What to do — The full listing is to be transcribed exactly, with each picture left out.

Data shown —
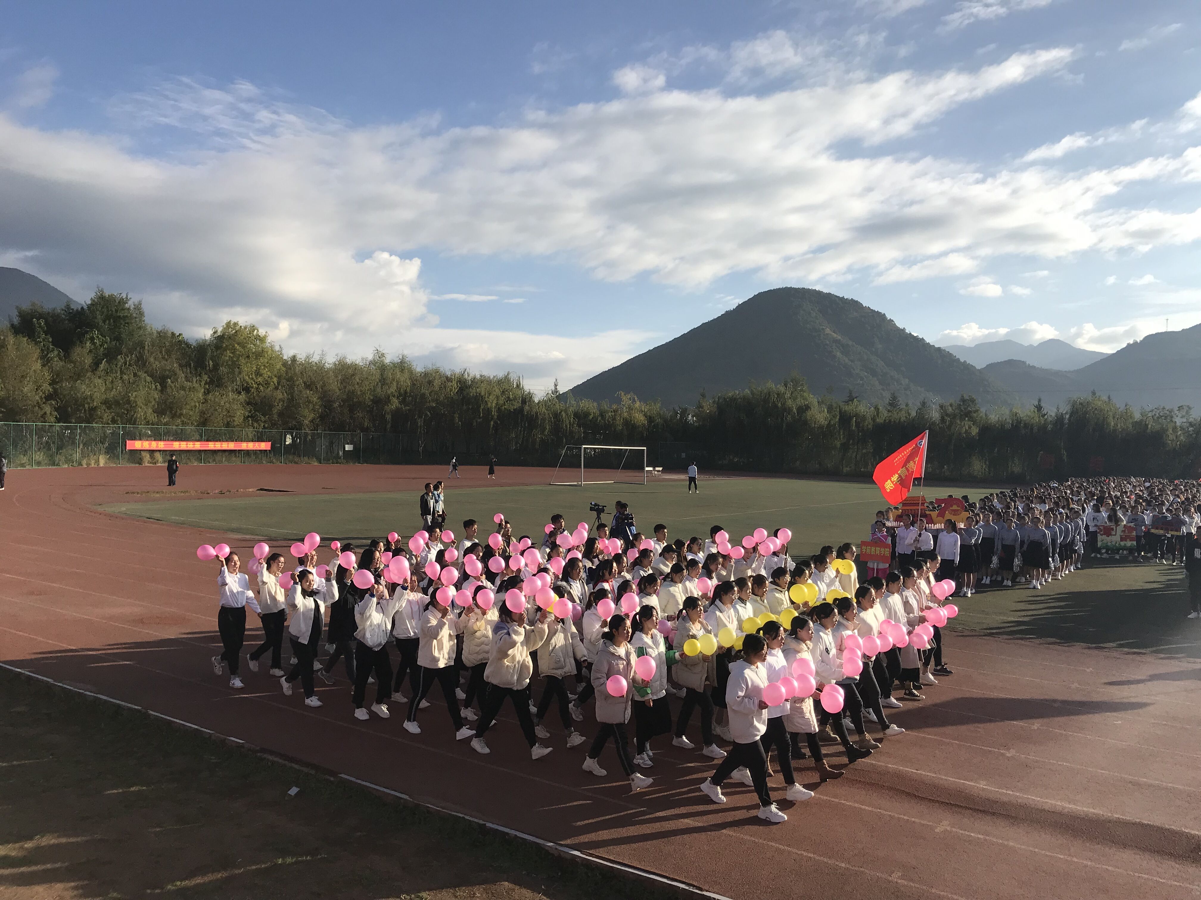 为全面促进我校大学生的身心健康,培养学生的团队合作的精神,给予学生一个参加运动竞技的平台,证明自己的实力,同时推动体育文化建设的发展,弘扬体育文化精神,丽江师范高等专科学校于2019年10月31日至11月1日在学校田径场举办了第十三届田径运动会,参加本次活动的有全校在校师生。
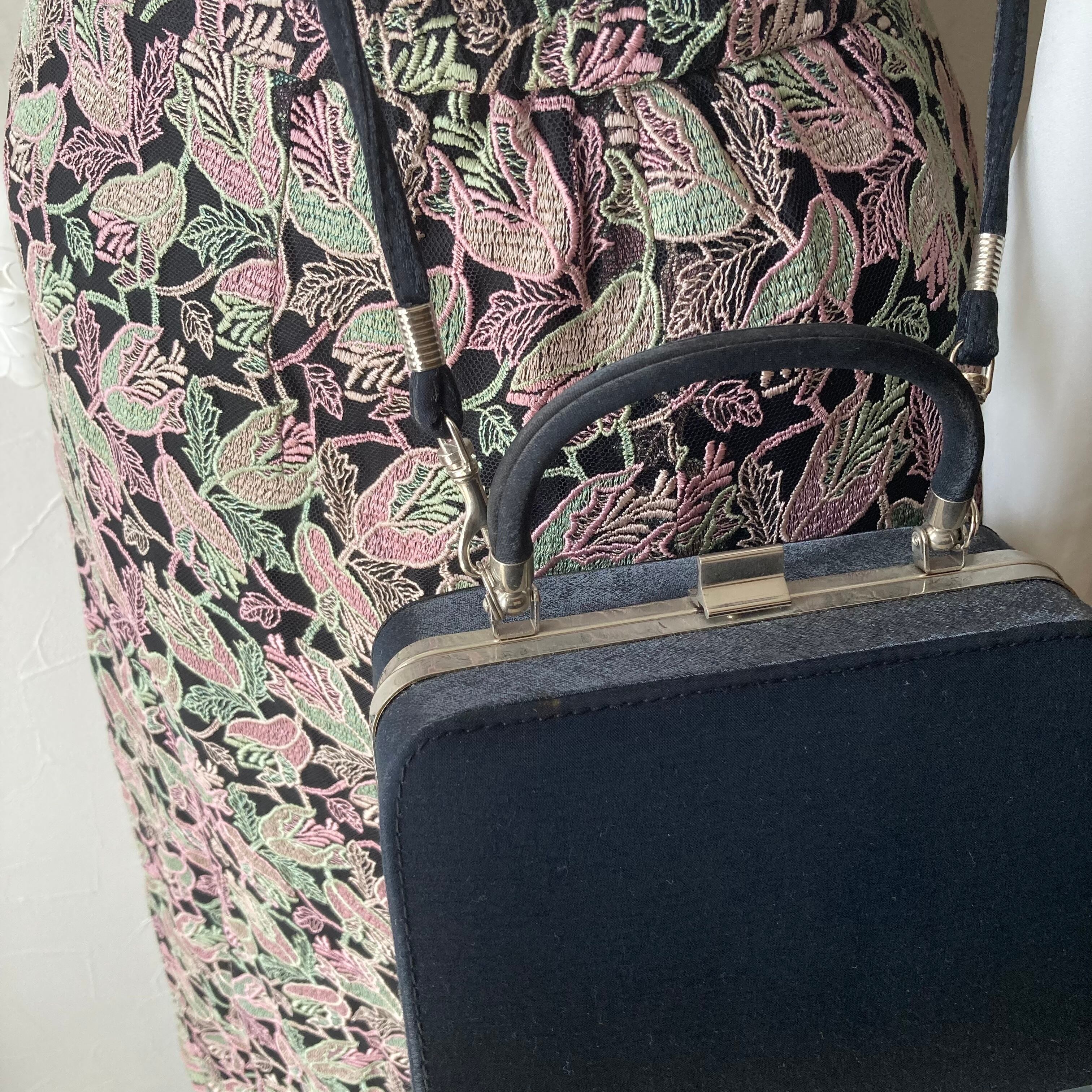 黒の箱型ショルダーバッグ 昭和レトロ used vintage
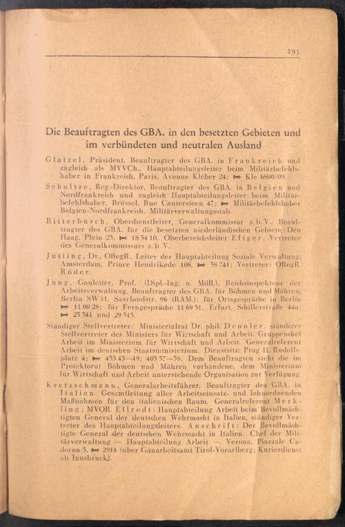 Handbuch für die Dienststellen des Generalbevollmächtigten für den Arbeitseinsatz und die interessierten Reichsstellen im Großdeutschen Reich und in den besetzten Gebieten : 1: Vollmachten - Verlautbarungen - Verordnungen - Organisation des GBA

Response —
 为全面促进我校大学生的身心健康,培养学生的团队合作的精神,给予学生一个参加运动竞技的平台,证明自己的实力,同时推动体育文化建设的发展,弘扬体育文化精神,丽江师范高等专科学校于2019年10月31日至11月1日在学校田径场举办了第十三届田径运动会,参加本次活动的有全校在校师生。
 黒の箱型ショルダーバッグ 昭和レトロ used vintage
 Handbuch für die Dienststellen des Generalbevollmächtigten für den Arbeitseinsatz und die interessierten Reichsstellen im Großdeutschen Reich und in den besetzten Gebieten : 1: Vollmachten - Verlautbarungen - Verordnungen - Organisation des GBA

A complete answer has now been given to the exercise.